§ Material provided
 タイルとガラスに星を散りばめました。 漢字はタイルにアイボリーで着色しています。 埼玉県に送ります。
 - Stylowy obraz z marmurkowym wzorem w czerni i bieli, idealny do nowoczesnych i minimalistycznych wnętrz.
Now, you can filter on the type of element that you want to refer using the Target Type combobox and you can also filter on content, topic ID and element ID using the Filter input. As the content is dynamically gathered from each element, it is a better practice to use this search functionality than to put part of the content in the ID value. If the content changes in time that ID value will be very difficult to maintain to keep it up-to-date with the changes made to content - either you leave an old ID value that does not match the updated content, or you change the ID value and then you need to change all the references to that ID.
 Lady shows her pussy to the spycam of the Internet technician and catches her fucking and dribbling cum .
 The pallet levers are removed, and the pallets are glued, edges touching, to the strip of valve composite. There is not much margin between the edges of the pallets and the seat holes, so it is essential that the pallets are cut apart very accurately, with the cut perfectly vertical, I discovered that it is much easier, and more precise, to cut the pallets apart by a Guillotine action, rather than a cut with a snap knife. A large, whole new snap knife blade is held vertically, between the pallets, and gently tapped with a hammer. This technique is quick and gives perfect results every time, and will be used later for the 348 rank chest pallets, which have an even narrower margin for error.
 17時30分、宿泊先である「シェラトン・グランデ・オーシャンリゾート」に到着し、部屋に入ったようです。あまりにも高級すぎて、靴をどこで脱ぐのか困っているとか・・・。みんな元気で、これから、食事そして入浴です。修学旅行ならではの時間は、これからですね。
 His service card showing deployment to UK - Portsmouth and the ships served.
==
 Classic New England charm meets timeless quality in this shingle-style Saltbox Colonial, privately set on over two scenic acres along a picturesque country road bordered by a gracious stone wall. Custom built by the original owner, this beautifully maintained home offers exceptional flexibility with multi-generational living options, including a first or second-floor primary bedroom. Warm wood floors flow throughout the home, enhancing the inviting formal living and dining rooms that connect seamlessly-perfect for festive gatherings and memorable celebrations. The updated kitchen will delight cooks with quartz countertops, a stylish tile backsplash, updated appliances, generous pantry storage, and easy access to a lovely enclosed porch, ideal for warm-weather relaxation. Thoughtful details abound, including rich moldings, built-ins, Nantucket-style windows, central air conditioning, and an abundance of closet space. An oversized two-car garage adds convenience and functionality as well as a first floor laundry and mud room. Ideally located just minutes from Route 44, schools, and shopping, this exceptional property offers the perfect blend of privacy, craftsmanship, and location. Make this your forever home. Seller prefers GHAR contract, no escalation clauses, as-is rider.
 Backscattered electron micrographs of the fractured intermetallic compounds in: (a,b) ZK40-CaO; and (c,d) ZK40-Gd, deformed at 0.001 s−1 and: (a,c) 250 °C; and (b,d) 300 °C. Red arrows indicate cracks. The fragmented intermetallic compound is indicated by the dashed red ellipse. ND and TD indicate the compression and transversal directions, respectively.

§ Work order
Give again exactly, and only, the lines above starting at the one with "- Stylowy obraz" and ending at the one with "Lady shows her".

§ Output of the task
 - Stylowy obraz z marmurkowym wzorem w czerni i bieli, idealny do nowoczesnych i minimalistycznych wnętrz.
Now, you can filter on the type of element that you want to refer using the Target Type combobox and you can also filter on content, topic ID and element ID using the Filter input. As the content is dynamically gathered from each element, it is a better practice to use this search functionality than to put part of the content in the ID value. If the content changes in time that ID value will be very difficult to maintain to keep it up-to-date with the changes made to content - either you leave an old ID value that does not match the updated content, or you change the ID value and then you need to change all the references to that ID.
 Lady shows her pussy to the spycam of the Internet technician and catches her fucking and dribbling cum .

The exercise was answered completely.